====== PROVIDED DATA

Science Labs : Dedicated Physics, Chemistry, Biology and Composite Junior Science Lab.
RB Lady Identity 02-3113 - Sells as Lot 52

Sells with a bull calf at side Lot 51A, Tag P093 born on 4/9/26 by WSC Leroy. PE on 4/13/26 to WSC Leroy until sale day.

============
====== PROVIDED DATA

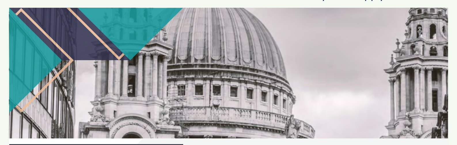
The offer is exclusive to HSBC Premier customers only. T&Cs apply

============

Among the entries above, find the line with "RB Lady Identity 02-3113 - Sells as Lot 52" and the line with "Sells with a"; give again exactly these two lines and all lines between them.

:: ANSWER TO THE EXERCISE ::
RB Lady Identity 02-3113 - Sells as Lot 52

Sells with a bull calf at side Lot 51A, Tag P093 born on 4/9/26 by WSC Leroy. PE on 4/13/26 to WSC Leroy until sale day.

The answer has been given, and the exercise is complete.